ATLANTA, Ga. — ASHRAE recently announced its Technology Award winners. The award recognizes outstanding achievements by members who have successfully applied innovative building design.
The designs incorporate ASHRAE standards for effective energy management and indoor air quality. The awards communicate innovative systems design to other ASHRAE members and highlight technological achievements to others around the world. Winning projects are selected from entries earning regional awards.

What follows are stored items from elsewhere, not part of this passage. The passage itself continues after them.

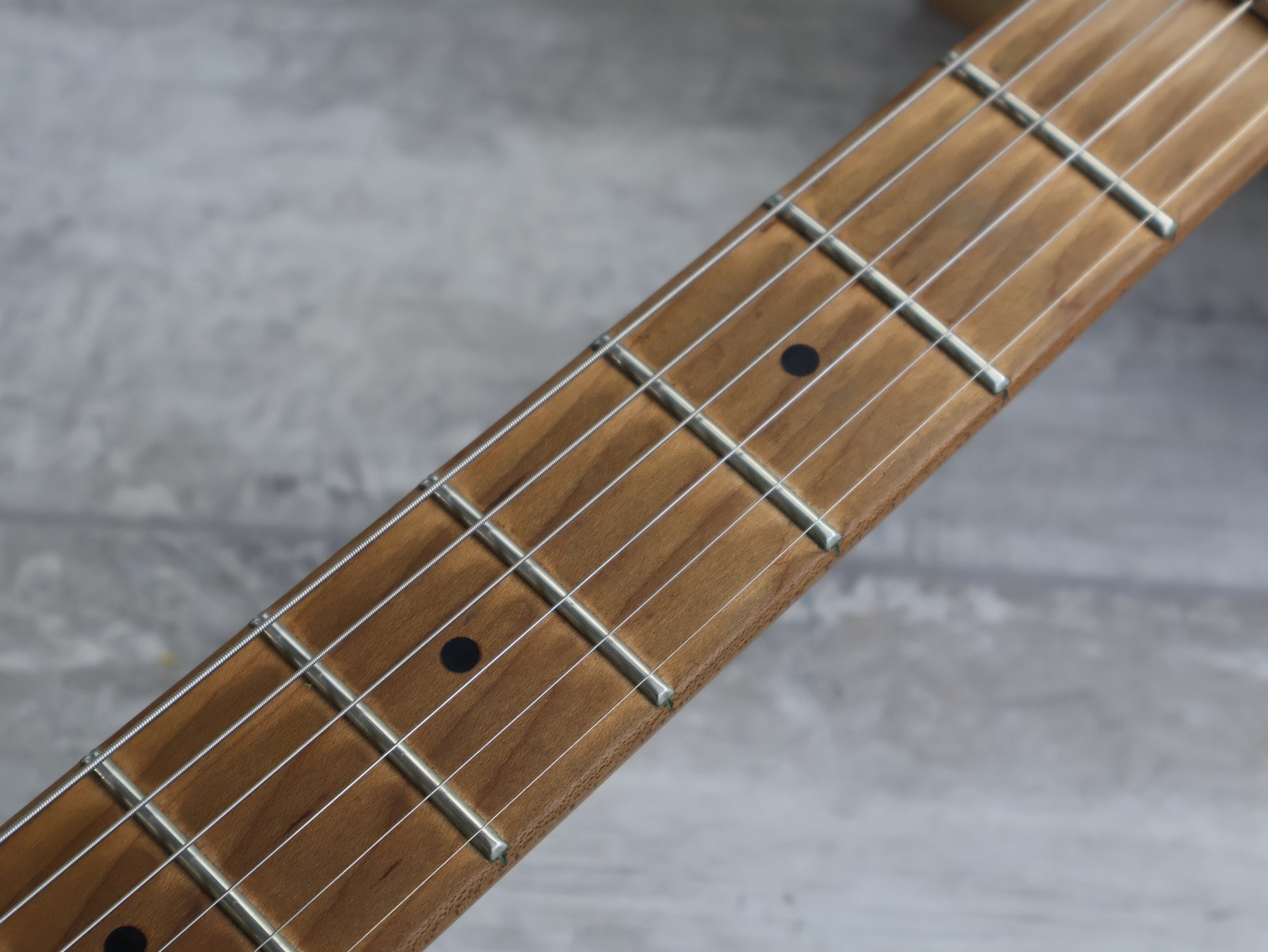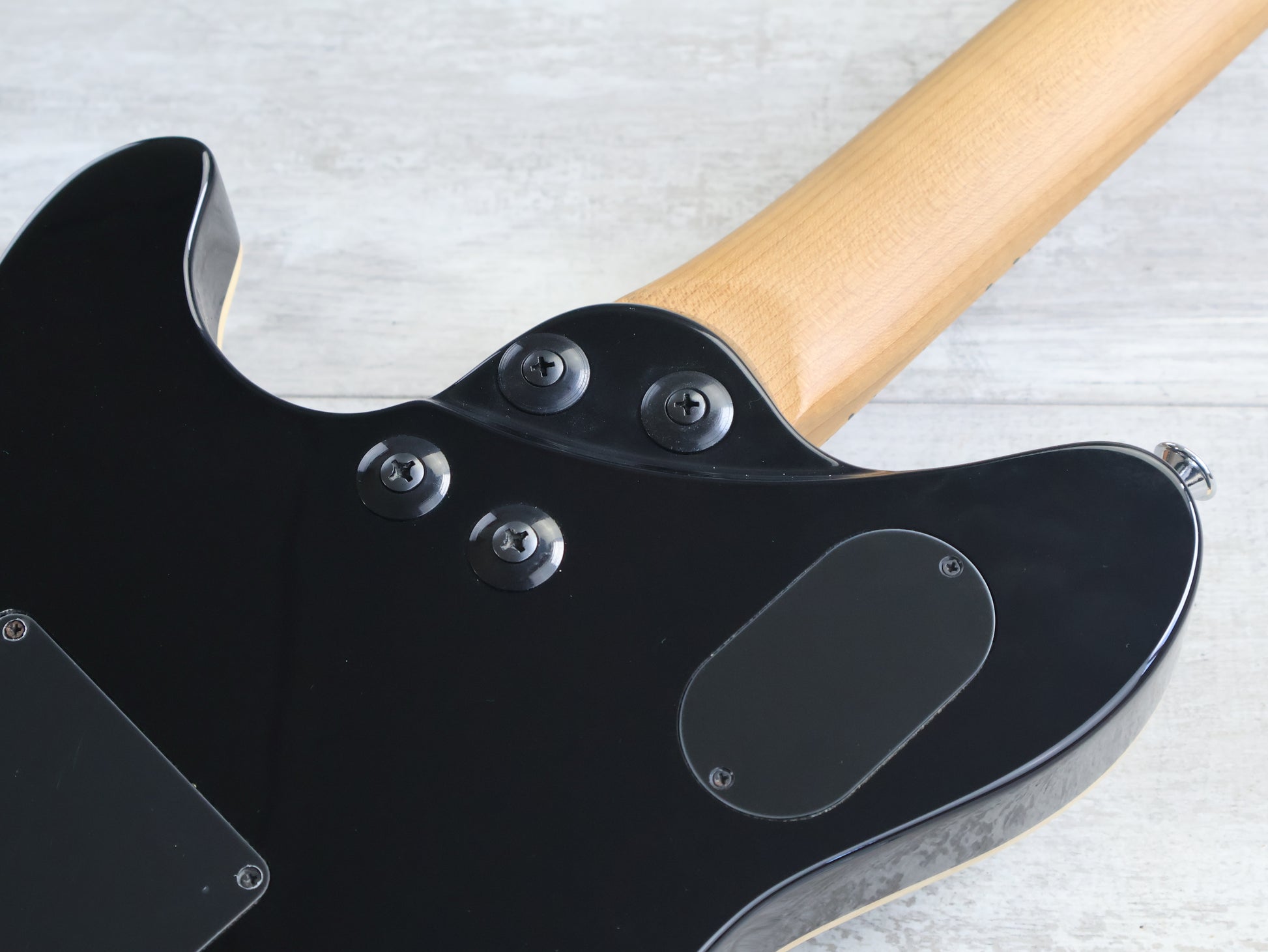 With specs favoured by the man himself, the EVH Wolfgang WG Special QM, finished in Charcoal Burst, is sure to impress. A one-piece quartersawn bolt-on neck, with graphite reinforcement rods, combined with an arched Quilt Maple-topped basswood body gives you tone to spare, while you shred for days in comfort. The neck is carved and rolled to Van Halen's exact specifications and finished in a hand-rubbed urethane. A 22 jumbo-fret 12"-16" compound radius fingerboard maximises playability. Two flagship model custom-designed black direct mounted EVH Wolfgang Alnico II humbuckers, a Floyd Rose Locking trem and R2 locking nut give you dives dripping with tone and sustain. Plus the EVH D-Tuna lets you switch between drop and standard tuning with the flick of a finger. The volume knob with treble bleed circuit has a 500K EVH Bourns low friction pot for smooth swells and a tone control knob with a 250K Bourns high friction tone pot that prevents accidental tone shifting.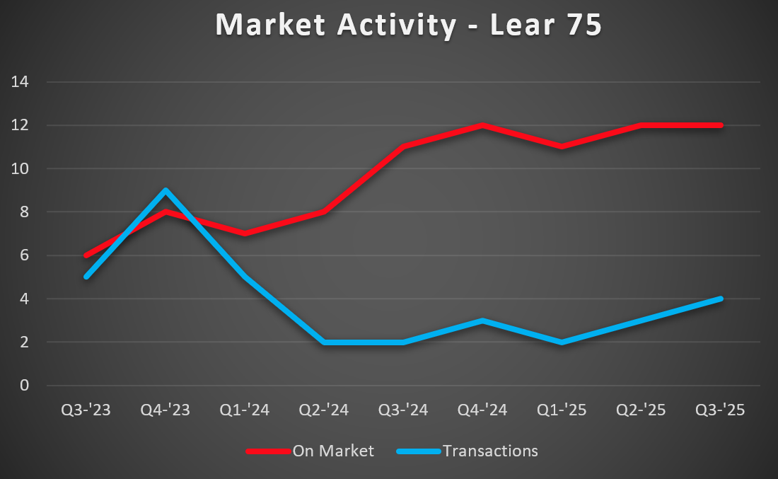 Lear 75 inventory remains stable, and transactions continue to take place. There are 12 listings in this market, similar to last quarter and quite frankly the prior year. After jumping from eight to eleven listings during Q3 of 2024, inventory has consistently remained between 8-9% of the active fleet. Four sales took place during the third quarter, which is the most activity we’ve seen in this market since Q1 of 2024. Pricing remains stable, especially for early models, whereas some of the better deals seem to be in the later model years. With steady inventory and pricing, this market is beneficial for both buyers and sellers.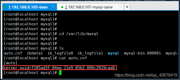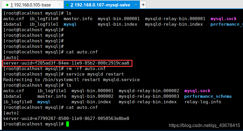 如果出现这种情况,需要将 /var/lib/mysql 文件下的生成uuid 的文件删除,然后再重新启动 mysql 服务,就会重新在生成一个 server-uuid,在下图2中 也 显示了这个重新生成的server-uuid。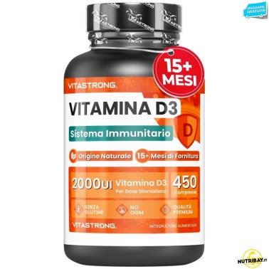 Vitastrong Vitamina D3 è un ottimo integratore di vitamina d3 ad altissimo dosaggio (2000 UI), disponibile in formato convenienza da 450 compresse per un utilizzo di 15 mesi.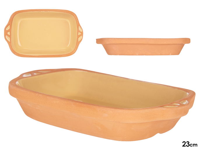 CAZUELA BARRO RECTANGULAR ASAS 23CM AMARILLO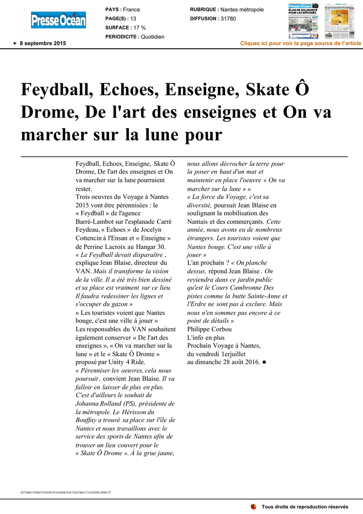 PAYS : France RUBRIQUE : Nantes métropole PAGE(S) : 13 DIFFUSION : 31780 SURFACE : 17 % PERIODICITE : Quotidien 8 septembre 2015 Cliquez ici pour voir la page source de l’article Feydball, Echoes, Enseigne, Skate Ô Drome, De l'art des enseignes et On va marcher sur la lune pour Feydball, Echoes, Enseigne, Skate Ô Drome, De l'art des enseignes et On va marcher sur la lune pourraient rester. Trois oeuvres du Voyage à Nantes 2015 vont être pérennisées : le « Feydball » de l'agence Barré-Lambot sur l'esplanade Carré Feydeau, « Echoes » de Jocelyn Cottencin à l'Ensan et « Enseigne » de Perrine Lacroix au Hangar 30. « Le Feydball devait disparaître , explique Jean Blaise, directeur du VAN. Mais il transforme la vision de la ville. Il a été très bien dessiné et sa place est vraiment sur ce lieu. Il faudra redessiner les lignes et s'occuper du gazon » « Les touristes voient que Nantes bouge, c'est une ville à jouer » Les responsables du VAN souhaitent également conserver « De l'art des enseignes », « On va marcher sur la lune » et le « Skate Ô Drome » proposé par Unity 4 Ride. « Pérenniser les oeuvres, cela nous poursuit , convient Jean Blaise. Il va falloir en laisser de plus en plus. C'est d'ailleurs le souhait de Johanna Rolland (PS), présidente de la métropole. Le Hérisson du Bouffay a trouvé sa place sur l'île de Nantes et nous travaillons avec le service des sports de Nantes afin de trouver un lieu couvert pour le « Skate Ô Drome ». À la grue jaune, nous allons décrocher la terre pour la poser en haut d'un mat et maintenir en place l'oeuvre « On va marcher sur la lune » » « La force du Voyage, c'est sa diversité, poursuit Jean Blaise en soulignant la mobilisation des Nantais et des commerçants. Cette année, nous avons eu de nombreux étrangers. Les touristes voient que Nantes bouge. C'est une ville à jouer » L'an prochain ? « On planche dessus, répond Jean Blaise . On reviendra dans ce jardin public qu'est le Cours Cambronne Des pistes comme la butte Sainte-Anne et l'Erdre ne sont pas à exclure. Mais nous n'en sommes pas encore à ce point de détails » Philippe Corbou L'info en plus Prochain Voyage à Nantes, du vendredi 1erjuillet au dimanche 28 août 2016. ■ 0272B8C558B07302F0E507630D0C05E72EE5B01711835D9E109B17F Tous droits de reproduction réservés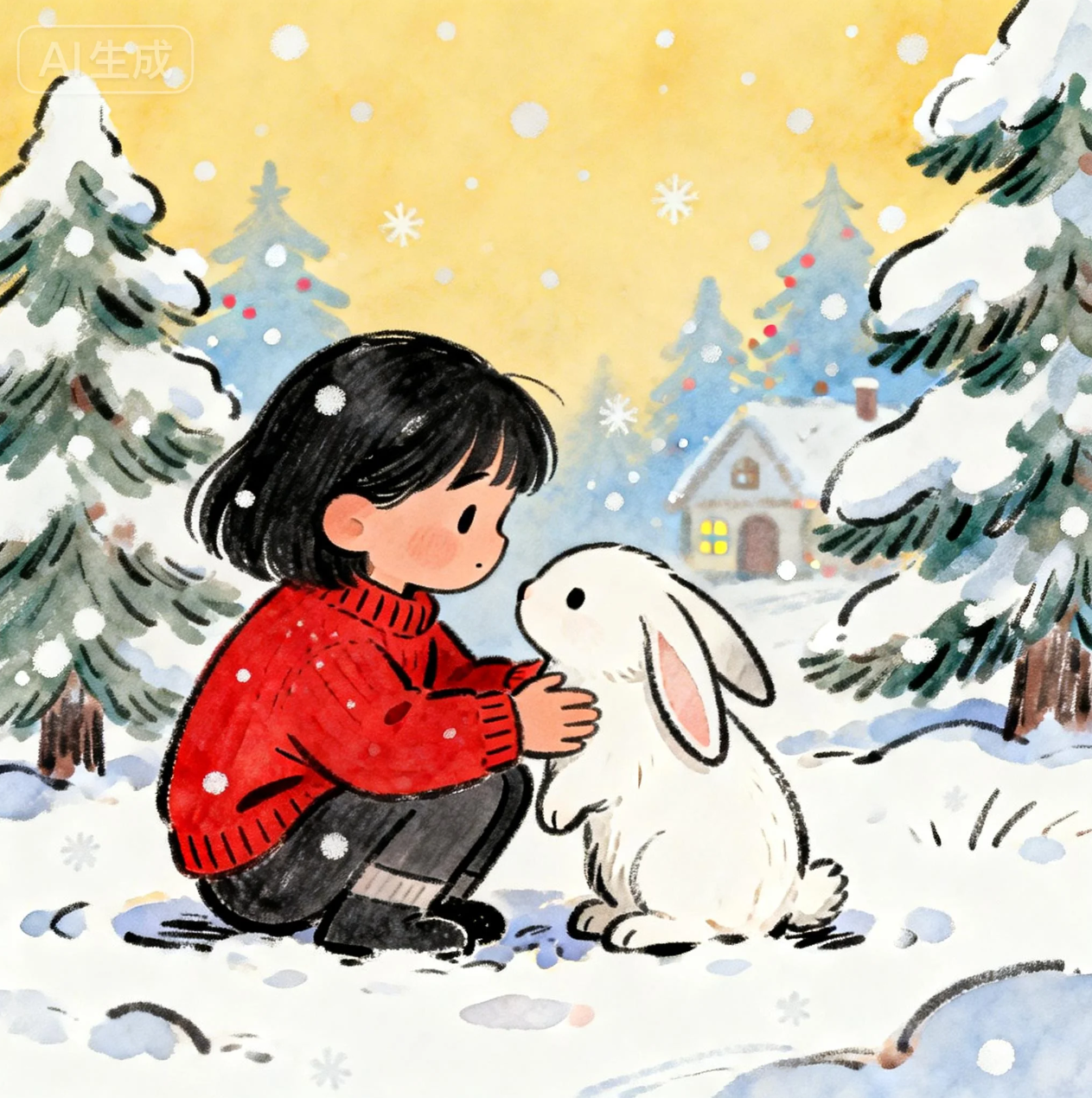 - 简洁与平衡规律:总字数控制在50-100字,避免冗长。构图强调“简洁突出”——主角居中,留白占比至少40%,营造明信片般的舒适感。规则是:融入应用场景(如“适合儿童绘本/圣诞广告”)能让AI模拟目标用途;重复强调“不要过度细节”可防止写实化,确保松散、速写般的童趣。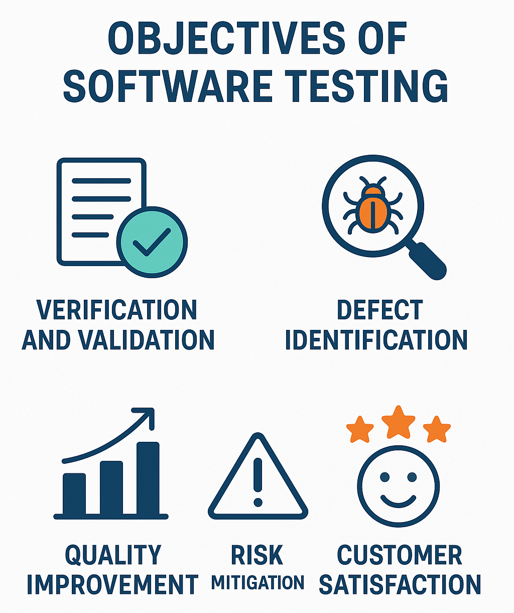 - This is about finding errors or bugs in the software, like spotting a mistake in your code. The goal is to catch these issues early so they can be fixed before the software is released to users.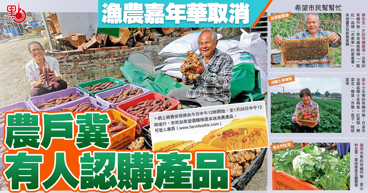 原本上星期五至日在旺角花墟公園舉行的「本地漁農美食嘉年華」因收緊防疫措施被迫取消,改在網上銷售;有農戶向記者大吐苦水,稱原打算今年疫情緩和辦一次有聲有色嘉年華,故「大手」準備,惟活動突然取消,他們損失慘重。有農戶直言,「唔想數以萬斤計本地農作物被當垃圾送去堆填區」,希望市民聯絡本地農場認購。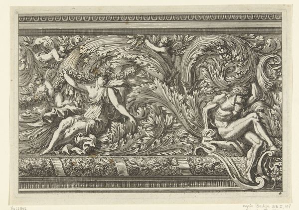 Jean Lepautre made these two friezes with acanthus scrolls and putti sometime in the 17th century. These prints were made through engraving, a printmaking technique where an image is incised onto a metal plate, which is then used to create multiple impressions. The artist would have painstakingly carved the design into the metal, using tools to create lines that hold ink. The depth and density of the lines determine the visual weight and texture of the final print. The friezes are filled with detailed, stylized acanthus leaves and playful putti, or cherubic figures. The repetitive nature of printmaking allowed for the wide distribution of decorative designs, influencing the aesthetics of interiors and furnishings across Europe. The level of skill required for engraving meant it was often a specialized profession, relying on workshops of skilled artisans. Understanding the labor-intensive process of printmaking helps us appreciate the artistry and craft involved in producing these images, blurring the lines between fine art and design.

Blake Ellis, P.E., Burns & McDonnell, Kansas City, Mo., received first place in the new industrial facilities or processes category for Thermal Energy Storage at the Texas Medical Center, Houston, Texas. The owner is Thermal Energy Corporation, Houston, Texas.
In 2007, master planning determined that the cooling load of the 80,000-ton chilled water system that served the Texas Medical Center would double over the next two decades. With that in mind, the owner sought the most cost-effective way to provide the increased quantity of chilled water to the campus while maintaining the high level of reliability to serve the critical needs of the medical center.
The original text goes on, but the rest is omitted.